_YOUR ASSIGNMENT_.
Reproduce only what runs from the line containing "Experience the tropical" to the line containing "This literature review" in the records below, inclusive. Keep it exact, and keep the pictures out.

* * * * * * *

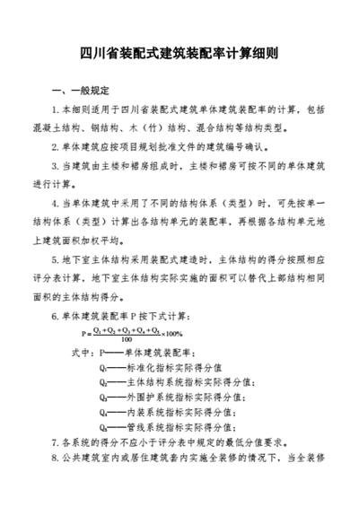 要點:《四川省裝配式建筑裝配率計算細則(試行)》實施以來,對全省裝配式建筑裝配率計算起到了積極的指導和規范作用。為進一步推動我省裝配式建筑的發展,規范裝配率計算,提升標準化建設水平,推進系統集成技術發展應用,我廳組織相關單位進行了修訂,并經專家審查通過,形成了《四川省裝配式建筑裝配率計算細則》,現予印發,自 2020 年 10 月 1 日起實施。
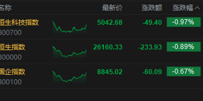 港股收评:恒指跌0.89% 科指跌0.97% 科网股低迷 黄金股普跌 群核科技首日涨超144%
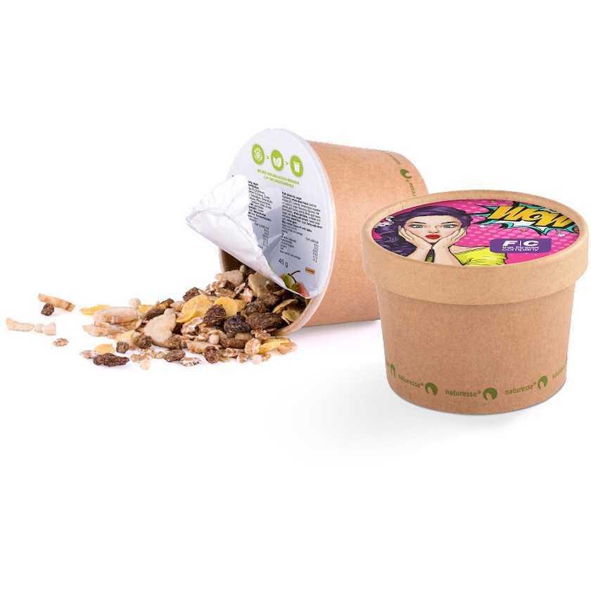 Pappbecher mit erklassigem Müsli von Hahne. Die Milch wird direkt in den Becher gefüllt. Eine gesunde und nährstoffreiche Zwischenmahlzeit für Unterwegs. Wählen Sie zwischen Schoko-Müsli mit 12,5 % Schokolade oder Fruchtmüsli mit 30 % Frucht. Der Druck erfolgt auf einer Pappscheibe oben auf dem Becher.
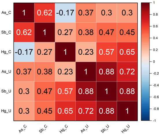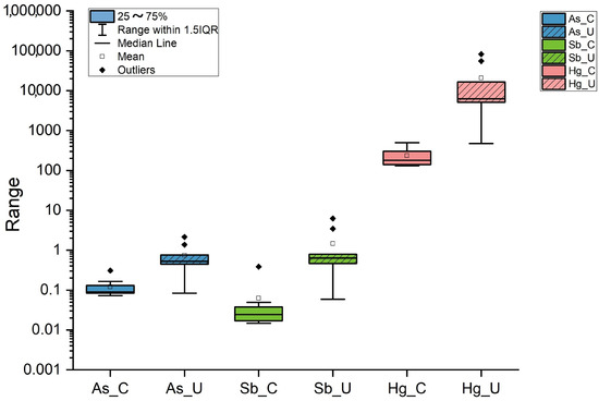 - Arsenic and Sb were analyzed by ICP-MS (Agilent 7500-ce, Agilent, Santa Clara, CA, USA) after Closed-Vessel Acid Digestion of c.a. 0.25 g of dry powder in a microwave oven (CEM MARS Xpress, CEM Corporation, Matthews, NC, United States) using Teflon vessels with 3 mL concentrated HNO3 (ultrapure grade 65%), 2 mL H2O2 (ultrapure 39%) and 5 mL of MilliQ water with HNO3:H2O2 (2:1 ratio) [17]. The reliability and accuracy of As and Sb results were checked by analyzing four certified reference materials (certified leaves: NIST 1515, NCS DC 73,349, NCS DC 73,350, and NCS DC 73,351), and quality control was assessed by comparing obtained results with the certified values. The recovery values, i.e., the difference in percentage between measured and certified values for each element, were around 100 ± 10%. The same technique was also applied to determine the vanadium content that was then used as a reference metal in the calculation of the Hg, As, and Sb Enrichment Factor (EF, i.e., a parameter to evaluate the origin of the elements trapped by the mosses; cf. Section 4).
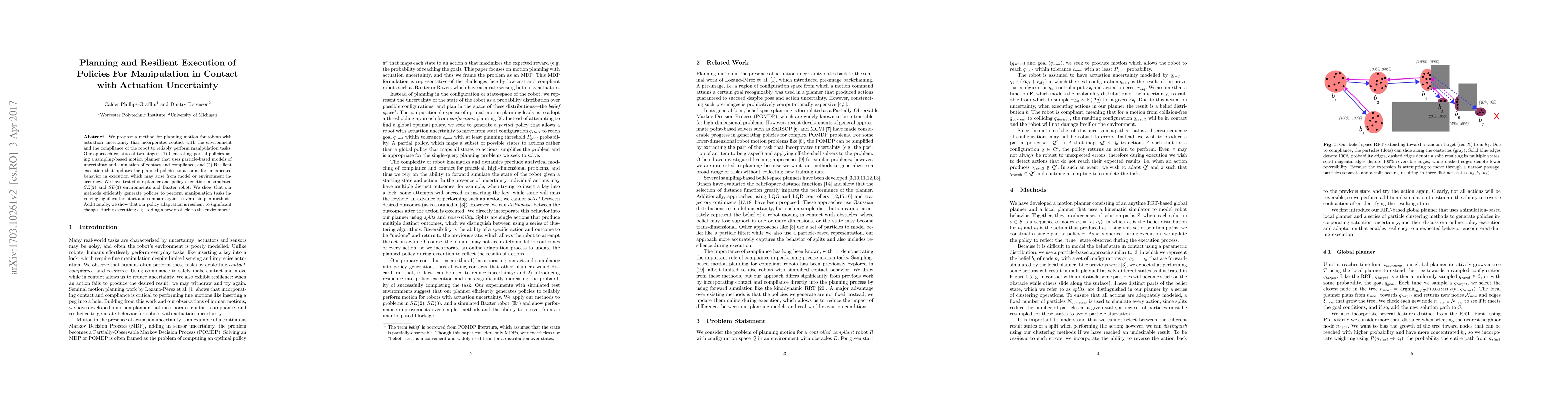 This paper presents a method for planning and executing manipulation tasks for robots under actuation uncertainty, focusing on contact interactions. It uses a two-stage approach: generating adaptive partial policies via a sampling-based planner and resilient execution that updates policies in response to unexpected changes during task execution.
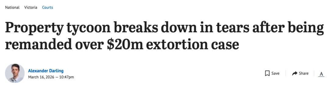 近日,一名在墨尔本房地产界颇具影响力的开发商因涉嫌勒索被警方逮捕,并在法庭上得知将被继续羁押一晚时当庭痛哭。
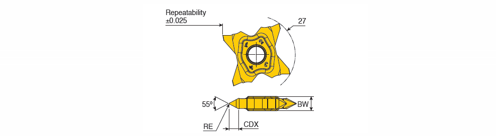 Inserts with 4 cutting edge for Partial profile 55° of external threading
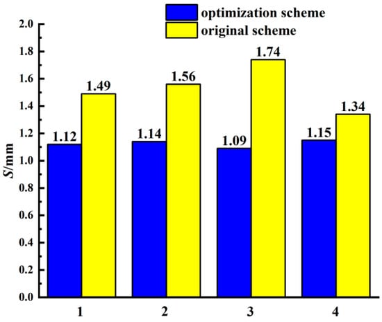 Figure 18 shows the monitoring point displacement of the tunnel portal with the optimization scheme or the original scheme. From the figure, it can be seen that the displacement of the portal with the optimization scheme is always lower than that of the portal with the original scheme. The maximum reduction ratio is 37.4% and the minimum reduction ratio is 14.2%.
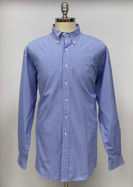 Camisa Polo Ralph Lauren 🏇🏼 con patrón de cuadros gingham celeste y blanco Talla XL Entalle Clásico
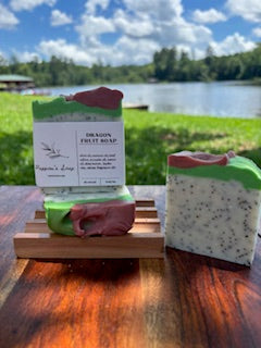 Experience the tropical fruity bliss of our Pink Dragon fruit Soap. Infused with poppy seeds this soap provides mild exfoliation helping to remove dead cells for a more radiant skin.
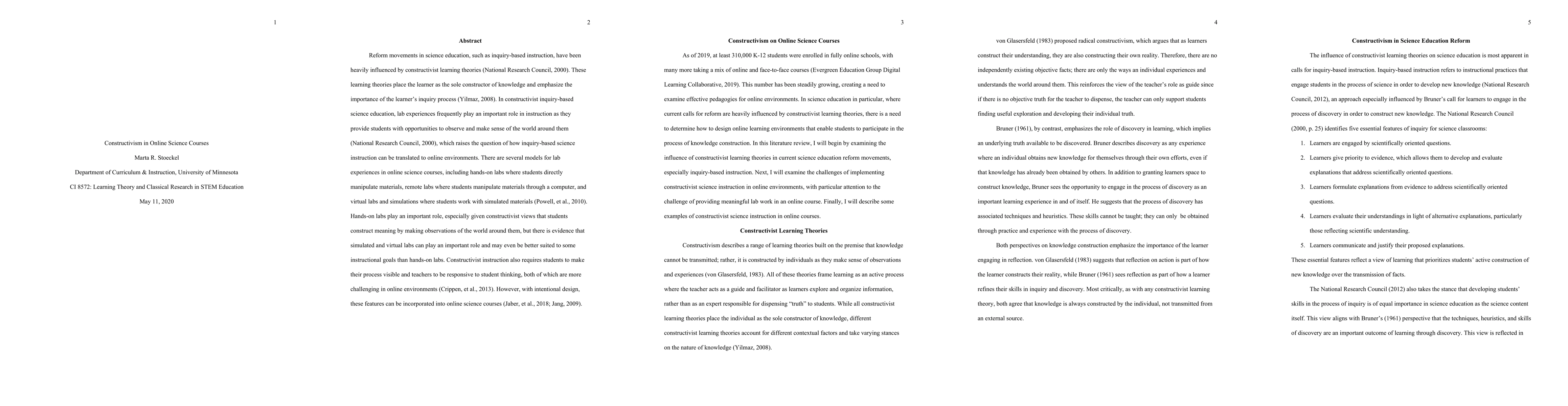 This literature review explores how constructivist learning theories influence inquiry-based science education, emphasizing the role of lab experiences in both traditional and online settings. While hands-on labs are crucial, simulated and virtual labs may better meet certain instructional goals, and with thoughtful design, constructivist principles can be effectively implemented in online environments.
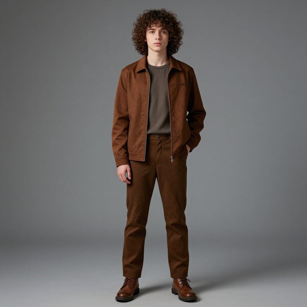"brown curly hair halloween, solo, pants, brown hair, hand in pocket, full body, long hair, standing, looking at viewer, shoes, grey background, male focus, curly hair, brown footwear, jacket, 1boy, closed mouth, long sleeves, shirt, simple background, brown jacket Realistic photo of casual sexy person with pretty face"
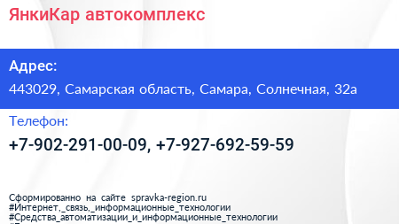 ЯнкиКар, автокомплекс по адресу 443029, Самарская область, Самара, Солнечная, 32а в дальнейшем Организация, размещена в следующих категориях:

* * * * * * *

_EXERCISE SOLUTION_.
 Experience the tropical fruity bliss of our Pink Dragon fruit Soap. Infused with poppy seeds this soap provides mild exfoliation helping to remove dead cells for a more radiant skin.
 This literature review explores how constructivist learning theories influence inquiry-based science education, emphasizing the role of lab experiences in both traditional and online settings. While hands-on labs are crucial, simulated and virtual labs may better meet certain instructional goals, and with thoughtful design, constructivist principles can be effectively implemented in online environments.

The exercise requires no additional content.